PADANG, KLIKPOSITIF – Kepala Badan Penanggulangan Bencana Daerah (BPBD) Mentawai, Nurdin, menyebut kondisi Mentawai pascagempa 5,8 SR masih aman dan belum dilaporkan adanya kerusakan bangunan maupun korban jiwa.

“Guncangan gempa ini sangat kuat sekali dirasakan di wilayah Pagai Selatan. Tapi sebagian besar warga disana, baik di bagian barat maupun timur, itu telah direlokasi ke tempat ketinggian. Kalau mereka panik ada gempa , itu wajar karena sangat manusiawi. Tapi mereka tidak terlalu panik jika ada ancaman tsunami,” kata Nurdin, Rabu 24 Agustus 2016.

baca juga: Pakar Gempa Ingatkan Warga Terkait Gempa dan Tsunami yang Masih Mengancam Kota Padang

Nurdin melanjutkan, sebagian besar bangunan masyarakat di kawasan Pagai Selatan adalah bangunan semi permanen dan terbuat dari kayu, sehingga kecil kemungkinan guncangan gempa itu merusak bangunan tempat tinggal masyarakat.

Dari data Badan Meteorologi Klimatologi dan Geofisika (BMKG), gempa berkekuatan 5,8 SR terjadi di wilayah 24 kilometer barat daya pulau Pagai Utara, (atau di wilayah 155 kilometer barat daya Muko-muko Bengkulu seperti yang diberitakan sebelumnya), Rabu 24 Agustus 2016. Gempa ini terjadi sekitar pukul 20.48 WIB di lokasi 2.95 LS-100.07 BT. Gempa yang berkedalaman 21 kilometer tersebut tidak berpotensi tsunami.
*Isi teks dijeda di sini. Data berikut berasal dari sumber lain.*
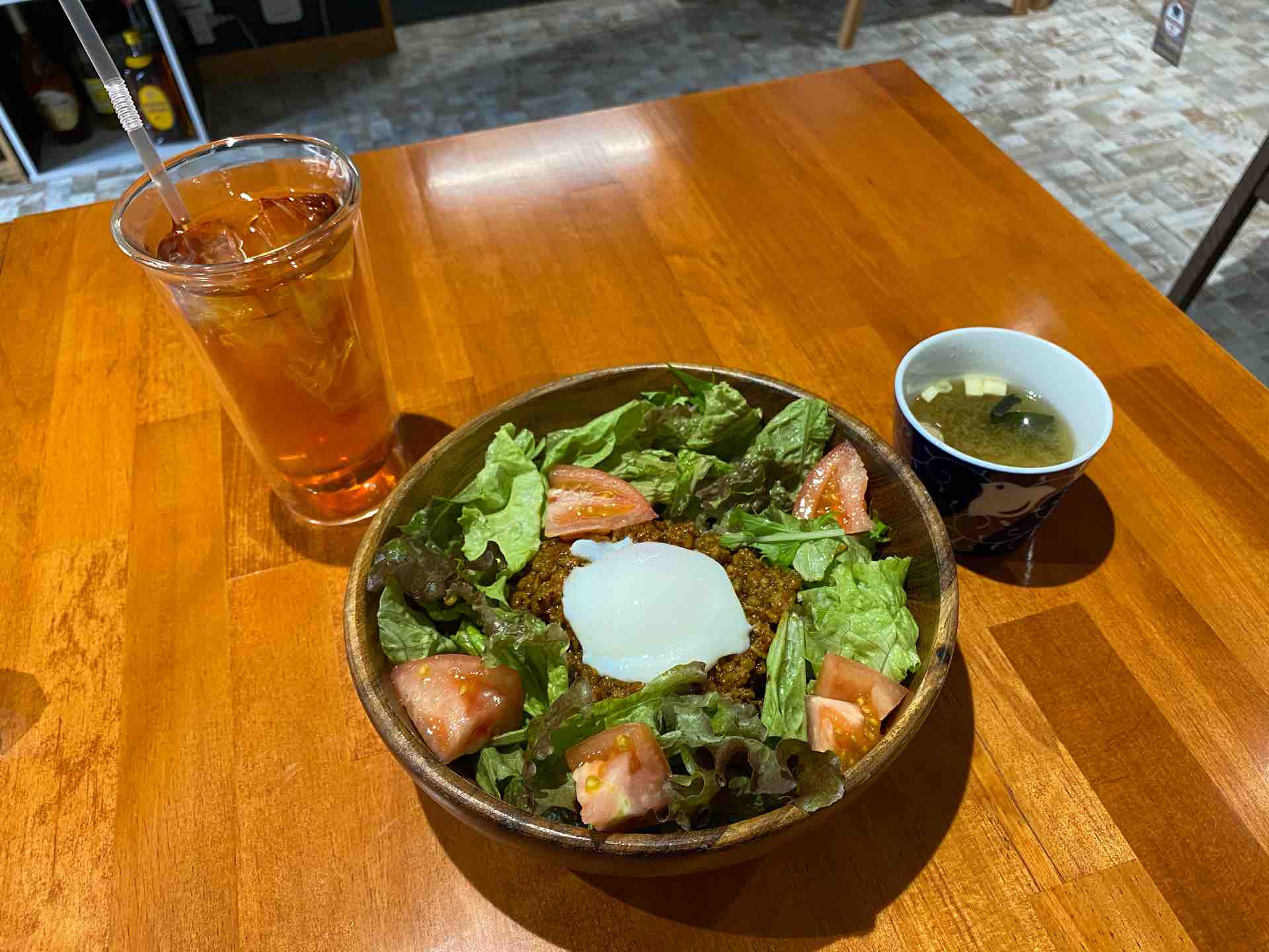 甘辛ひき肉と生野菜を卵でトロッとさせたライスです。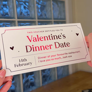 Personalise your very own gift voucher this Valentine's Day, for the perfect gift to surprise a special someone with a date night, dinner or event ticket. These gift vouchers are great to give the recipient when you don't have a physical present so they still have something to open, to reveal the surprise. The ticket can also be kept as a special keepsake of the event.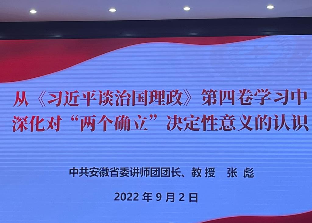 为贯彻落实习近平总书记在省部级主要领导干部专题研讨班上重要讲话精神,全省开展“举旗帜·送理论”省级示范宣讲活动。淮北市委宣传部邀请了中共安徽省委讲师团团长张彪教授于9月2日上午9时在市公安局报告厅作宣讲报告,张团长宣讲的主题为:从《习近平谈治国理政》第四卷学习中深化对“两个确立”决定性意义的认识。beat365英国官网网站刘奔前和孙澄澄老师作为入选的淮北市宣讲团成员,代表学校参加会议。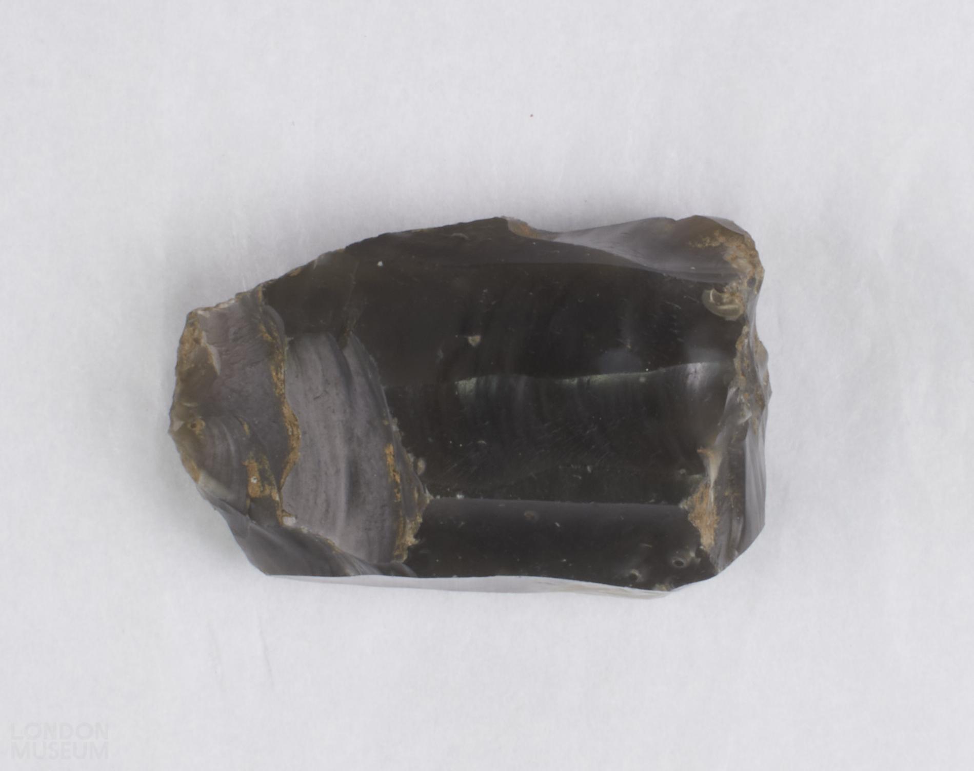 Flint core. Dark grey in colour with white sections and roughly rectangular in shape with a slanted edge on one side.
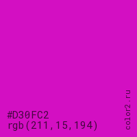Цвет #D30FC2 в цветовой модели RGB обозначается тремя октетами (211, 15, 194) в десятичном формате и #D30FC2 в шестнадцатиричном (hex) формате, которые являются интенсивностью красного 211 (hex D3), интенсивность зелёного 15 (hex 0F) и интенсивность синего 194 (hex C2).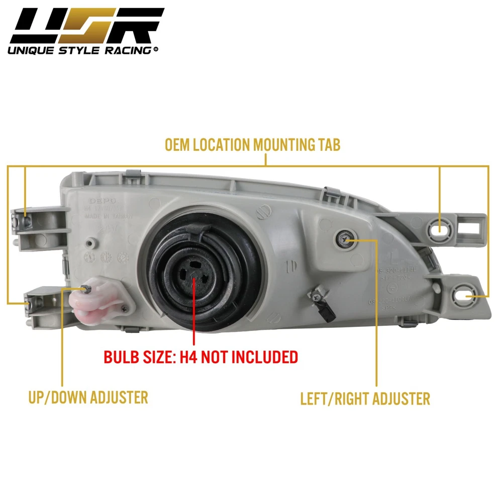 ATTENTION: For fitment and address issues, we will contact you through eBay message system first and by phone. If we are unable to get a hold of you or we cannot ship your order within 24 business hours after your order is placed, we will cancel the purchase instead. Please be sure you check product info carefully and enter your address correctly before purchase. Thank you. visit our store | View feedback | Sign up for our newsletter | Customer Support: Message Via Ebay Please read and understand our complete description and policies/terms below prior to buy. HL-SU-IMP-95-LHD-C-CHR-SET DESCRIPTION Product Details: This listing is for a BRAND NEW set (2 Pieces, Left and Right) of "JDM Crystal" Style Chrome Housing Glass Lens Headlight Fits For: 1995-2001 Subaru Impreza TO REPLACE OEM # Left Side 84001FA451, 84001 FA451, 84001-FA451 SU2502117 Right Side 84001FA441, 84001 FA441, 84001-FA441 SU2503117 Features: * Chrome Housing Clear GLASS Lens Upgrade Assembled and Sealed by the Manufacture! * A True JDM Style Clear Upgrade with the Needed Wire Adapters for US Spec! * Glass Lens provide UV Protection and High Impact Resistance * Made by ISO2001 certified manufacturer, Excellent Quality! * No Re-Wiring Needed, True Plug and Play! No Error after installation. Specs: * Brand: DEPO / Unique Style Racing (USR) * Type: "JDM Crystal" Style Upgrade * Color: Chrome Housing * Lens: Glass * Bulb Specifications: H4 High/Low Beam * Bulbs Included: No In the Package: * x1 Pair of Front Headlight Assemblies (Left + Right) Special Note: * Reuse Bulbs to Complete Installation. Important Notes: - Although DIY is possible, CERTIFIED & LICENSED PROFESSIONAL INSTALLATION is HIGHLY SUGGESTED . - We do not provide Installation Instruction except the manufacturer's original ones if there is any. - Direct OEM STOCK Replacement - No modification needed to fit the specified years / make / models / trims. - Our Products Are SPECIFICATION SENSITIVE and we ship DOOR to DOOR ONLY. Any package being sent to "FORWARDING COMPANY" is not our responsibility. - You, as the buyer / consumer are solely responsible for all damages and losses. - We highly recommend you to buy new gaskets prior to install the product you purchased from our company since the stock ones by now should have been worn out, therefore, it is easily allowing moisture to get in and create condensation which is NOT due to the product that has leak, but bad gaskets. - Some EXCEPTIONS For Warranty Claims: A.) No visible / physical damages to the product and / or warranty is void, B.) Alteration to the product will result in termination of warranty, C.) Be sure the stock gaskets or rubber seals are not torn and worn as you will need to reuse them when you replace your stock lights with ours. You will also be asked for photos that documents any *leaking*, *misting*, *fogging up* and *condensation* issues, as well as the condition of your stock gaskets or rubber seals. and lastly, D.) All of our lighting assemblies are NOT compatible with XENON HID and LED-type bulbs. Please use either incandescent or halogen bulbs per advertisement. - Please be sure to check the provided PHOTOS, read the DESCRIPTION and ask QUESTIONS before purchase. Thank you for your business. ABOUT US We're genuine and honest sellers and we carry great selection of the quality products to choose from, at a competitive pricing. Every order is carefully packaged and inspected by three of our staff using the latest technology to ensure safe shipment to you. We value good relationship with our customers and if you have any question or concerns regarding a sale, please do feel free to contact us first. Please do check your ebay message often for your order status, we will contact you for any delay that is caused by the payment or shipping complication arises from processing your order. We hope you enjoy your purchase! PAYMENT We accept payment by: Paypal. We accept PAYPAL only at this moment for all ebay transactions and MUST ship to paypal's listed address. 1.) If you are using eBay’s checkout system, please ensure that your registration information is current and will match what you have on PayPal. We will not be able to accommodate to change the original address we receive at the time of payment with an alternative one, once the transaction is completed via eBay and PayPal. 2.) We are required to ship to the address attached to your payment only. 3.) We will not be able to ship to an alternative address besides the original address shown on your PayPal payment detailed page. 4.) Please DO read and understand the policies / terms prior to buy to avoid any future discrepancy from occurring. Thank you for your cooperation! SHIPPING Please read and understand our complete policies/terms below or ask question if you have concerns prior to buy. 1.) Free shipping only applies to the listings that have the “Free Shipping” icon displayed and for completed transactions. Any canceled, incomplete, refused or undeliverable packages are subjected to a 20% re-stocking fee + all shipping related fees. 2.) Shipping costs incurred are non-refundable under any circumstance. Shipping costs are incurred and paid to the shipping courier and they are not refundable. 3.) We DO NOT ship to APO / FPO, GUAM, MP, PUERTO RICO (PR) and VIRGIN ISLAND (VI) 4.) INTERNATIONAL COUNTRIES: Buyer is responsible for all Brokerage Fees, Taxes & Duties - which may be charged upon delivery. Please contact your local shipping agent to determine your estimated taxes & duties. 5.) Pick up / Will Call service is not available for all ebay transactions. 6.) Shipping service fee is NOT refundable if the merchandise is shipped correctly as pictured and described. Please make sure you, as the buyer, understand this term prior to buy. 7.) EXTRA protection to guarantee the package arrived / delivered in safe and sound condition is $2.50 additional and is optional. We strive hard to ensure ALL of our packages arrive safely and intact by hav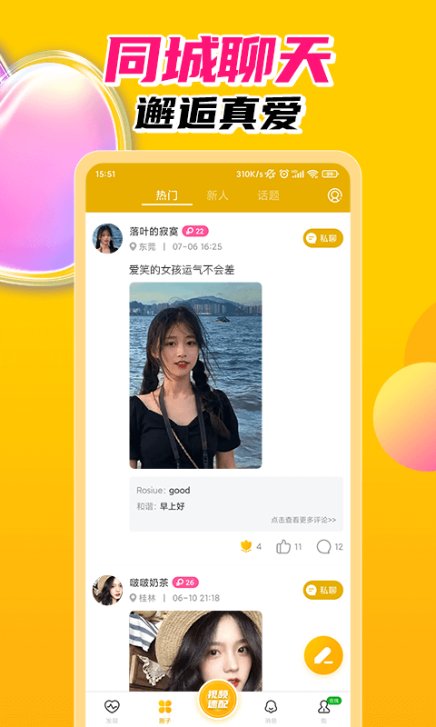 探春视频聊天交友 探春视频聊天交友,附近陌生单身男女交友、恋爱、聊天;同城近距离快速匹配,通...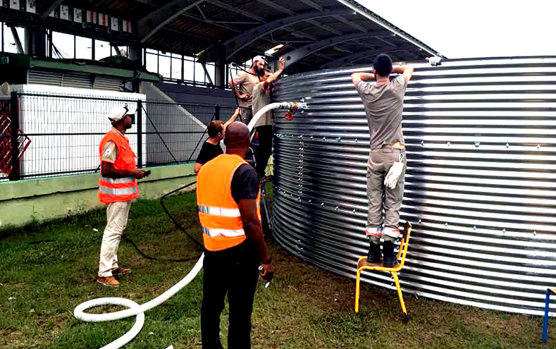 Dès la levée de la mesure de confinement imposée par le passage de l’ouragan Maria, nos équipiers basés à Saint-Martin ont repris leurs missions. Installation de réservoirs d’eau, distributions, évaluations des besoins.

baca juga: 150 Rumah dan Infrastruktur Publik Rusak Akibat Gempa 6,1 SR di Maluku Tengah

Tak hanya dirasakan di kawasan Pagai, tapi BMKG menyebut gempa ini juga dirasakan warga di kawasan  Siberut dan Sikakap Mentawai, Kota Padang, Painan, dan Solok dengan skala intensitas II hingga III MMI.